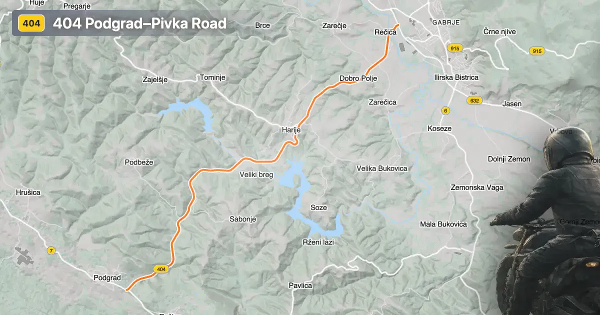 The 404 Podgrad–Pivka road offers a straightforward yet rewarding ride through the Brkini and Podgrajsko podolje regions. With its well-maintained surface, gentle curves, and rural surroundings, it is suitable for riders seeking a relaxed journey away from busier tourist routes. The proximity to Ilirska Bistrica and attractions such as Snežnik Castle adds further value for those interested in exploring the cultural and natural heritage of southwestern Slovenia. An interactive map of the route is available below for trip planning purposes.
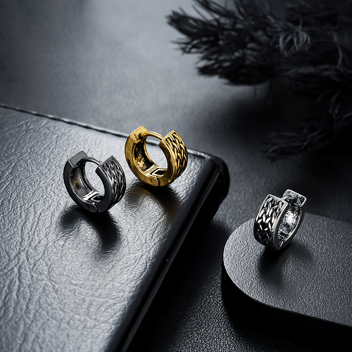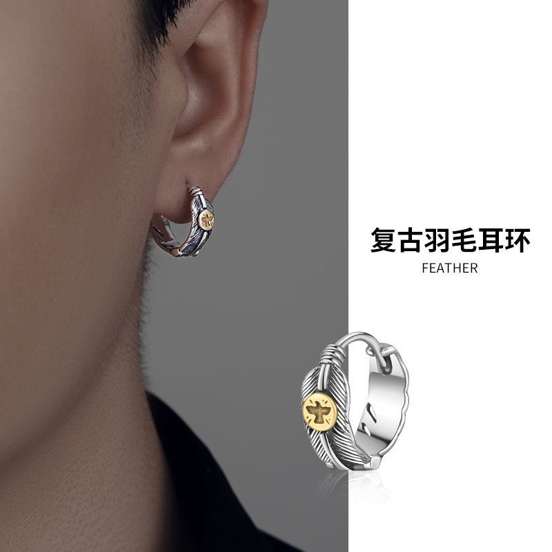 Earrings men's high-grade retro distressed feather earrings niche design single men's fashion street hip hop earrings
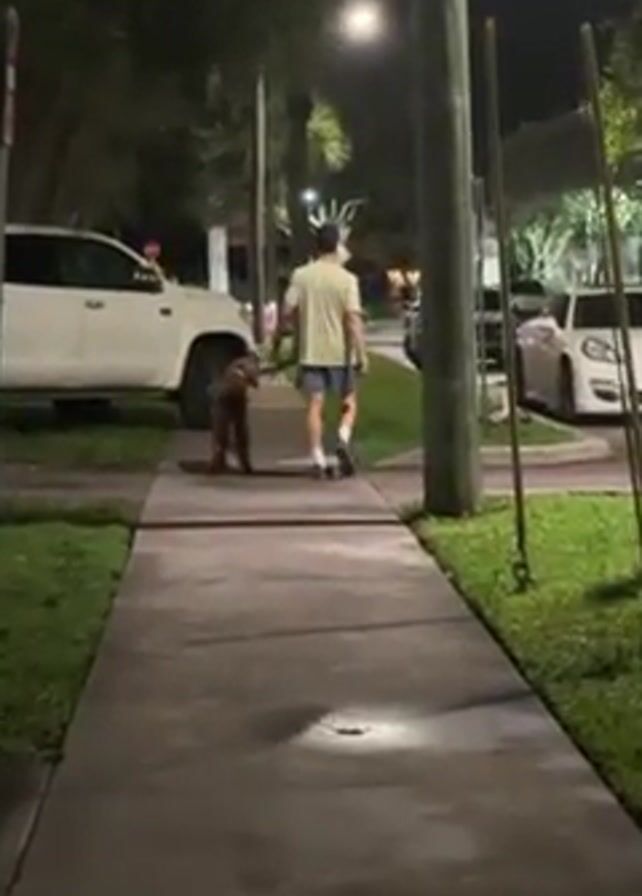 A person walks a dog on a sidewalk at night. The person is wearing a light-colored shirt and blue shorts. The dog is brown and walking on a leash. There are cars parked on the street and trees lining the sidewalk. There are also streetlights illuminating the scene.
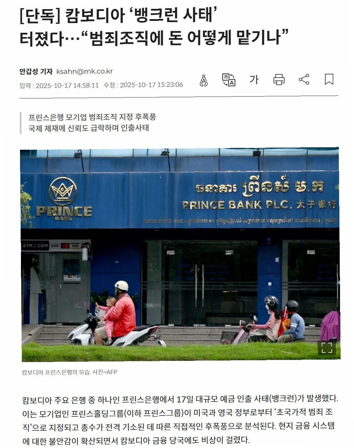 A.모기업인 프린스홀딩그룹이 미국과 영국 정부로부터 ‘초국가적 범죄 조직’으로 지정되고, 총수가 기소된 것이 직접적인 원인입니다. 이로 인해 예금주들의 불안감이 커져 대규모 예금 인출 사태가 발생했습니다.
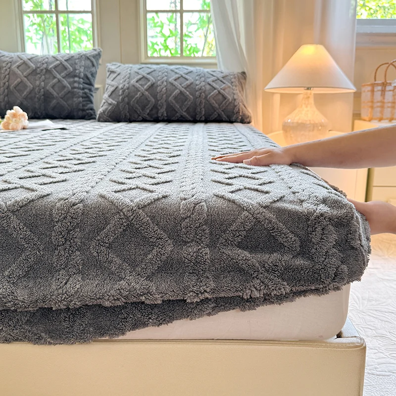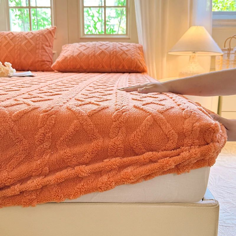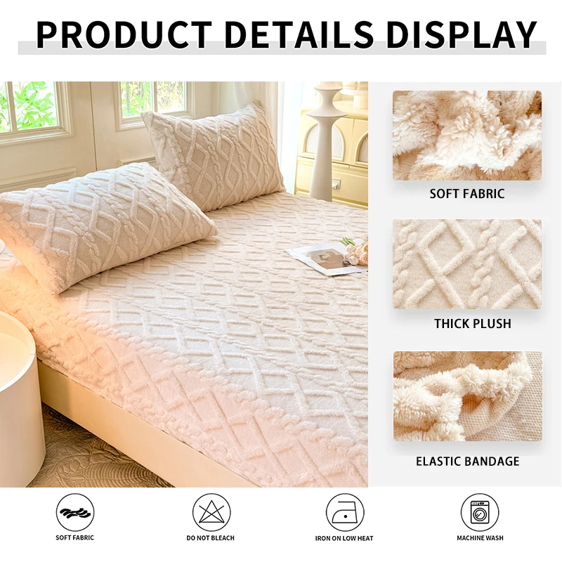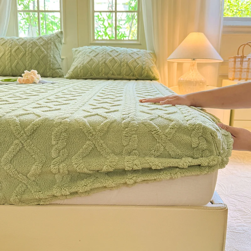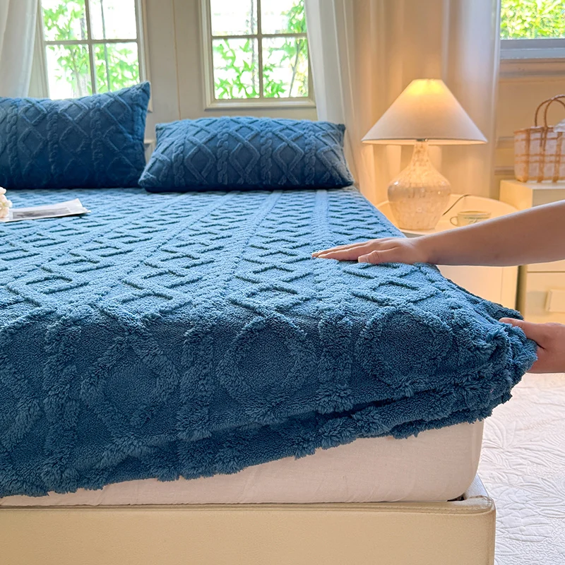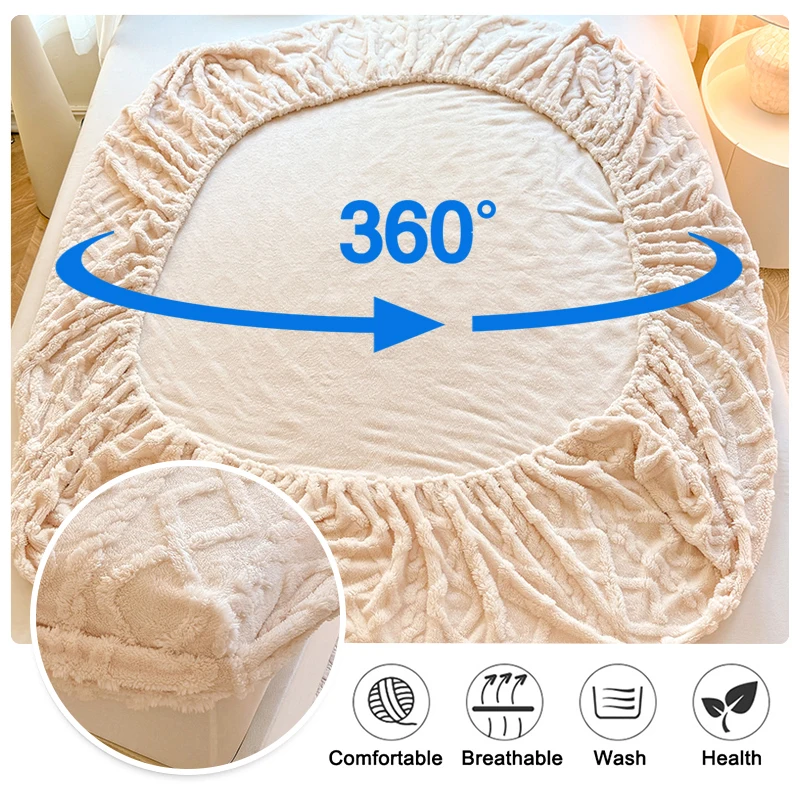 Velvet Mattress Protector Thicken Warm Winter Fitted Sheet Soft and Breathable Plush Elastic Bed Cover Mattress Cover Bedspread
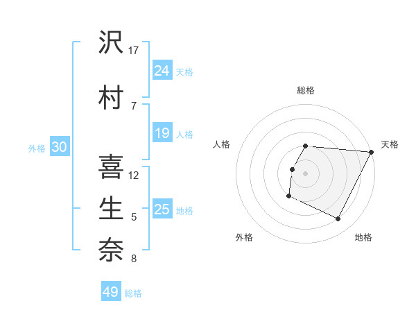 沢村 喜生奈さんを姓名の画数から五運を鑑定
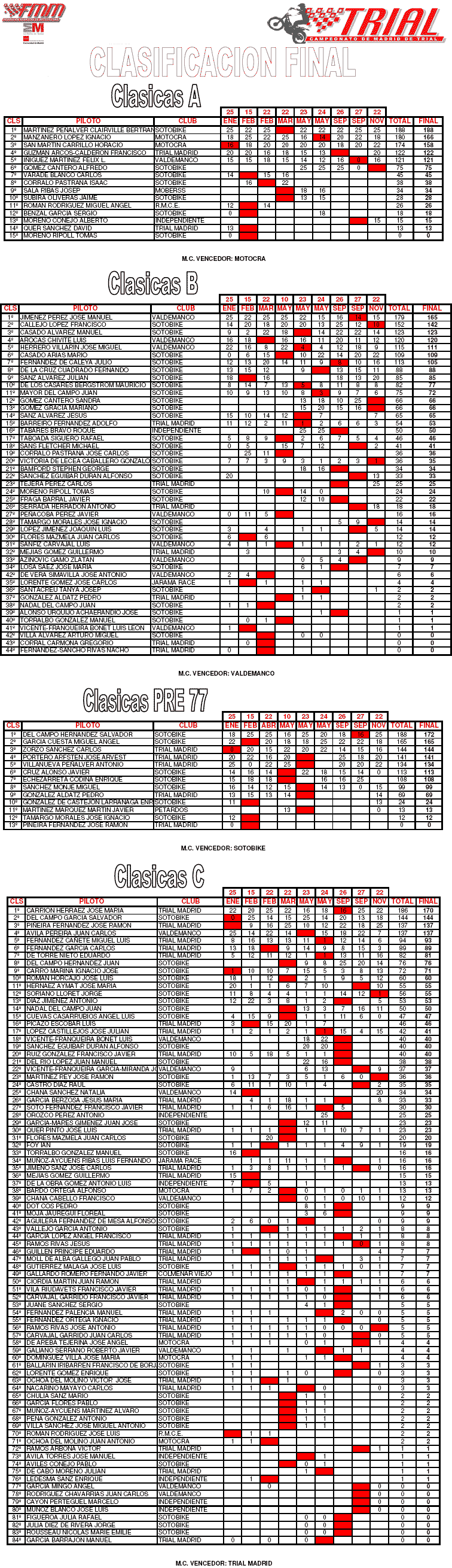 Finaliza así una nueva temporada de trial de clásicas en Madrid, con un balance final realmente positivo en todos los aspectos. Enhorabuena a todos, los organizadores, los controles, los cargos oficiales, los pilotos, los espectadores, los acompañantes, porque entre todos habéis conseguido que el trial de clásicas sea cada vez más bonito e interesante, que reine el buen ambiente y que disfrutemos de verdad. Gracias, el año que viene más y mejor.
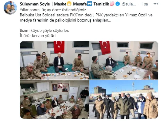 "Yıllar sonra, üç ay önce üstlendiğimiz Belbuka Üst Bölgesi sadece PKK'nın değil, PKK yardakçıları Yılmaz Özdil ve medya faresinin de psikolojisini bozmuş anlaşılan... Bizim köyde şöyle söylerler; İt ürür kervan yürür!"

——

- TASK TO COMPLETE
Exactly as they stand, set down all of the entries above, minus every picture.

- SOLUTION TO THIS EXERCISE
 The 404 Podgrad–Pivka road offers a straightforward yet rewarding ride through the Brkini and Podgrajsko podolje regions. With its well-maintained surface, gentle curves, and rural surroundings, it is suitable for riders seeking a relaxed journey away from busier tourist routes. The proximity to Ilirska Bistrica and attractions such as Snežnik Castle adds further value for those interested in exploring the cultural and natural heritage of southwestern Slovenia. An interactive map of the route is available below for trip planning purposes.
 Earrings men's high-grade retro distressed feather earrings niche design single men's fashion street hip hop earrings
 A person walks a dog on a sidewalk at night. The person is wearing a light-colored shirt and blue shorts. The dog is brown and walking on a leash. There are cars parked on the street and trees lining the sidewalk. There are also streetlights illuminating the scene.
 A.모기업인 프린스홀딩그룹이 미국과 영국 정부로부터 ‘초국가적 범죄 조직’으로 지정되고, 총수가 기소된 것이 직접적인 원인입니다. 이로 인해 예금주들의 불안감이 커져 대규모 예금 인출 사태가 발생했습니다.
 Velvet Mattress Protector Thicken Warm Winter Fitted Sheet Soft and Breathable Plush Elastic Bed Cover Mattress Cover Bedspread
 沢村 喜生奈さんを姓名の画数から五運を鑑定
 Finaliza así una nueva temporada de trial de clásicas en Madrid, con un balance final realmente positivo en todos los aspectos. Enhorabuena a todos, los organizadores, los controles, los cargos oficiales, los pilotos, los espectadores, los acompañantes, porque entre todos habéis conseguido que el trial de clásicas sea cada vez más bonito e interesante, que reine el buen ambiente y que disfrutemos de verdad. Gracias, el año que viene más y mejor.
 "Yıllar sonra, üç ay önce üstlendiğimiz Belbuka Üst Bölgesi sadece PKK'nın değil, PKK yardakçıları Yılmaz Özdil ve medya faresinin de psikolojisini bozmuş anlaşılan... Bizim köyde şöyle söylerler; İt ürür kervan yürür!"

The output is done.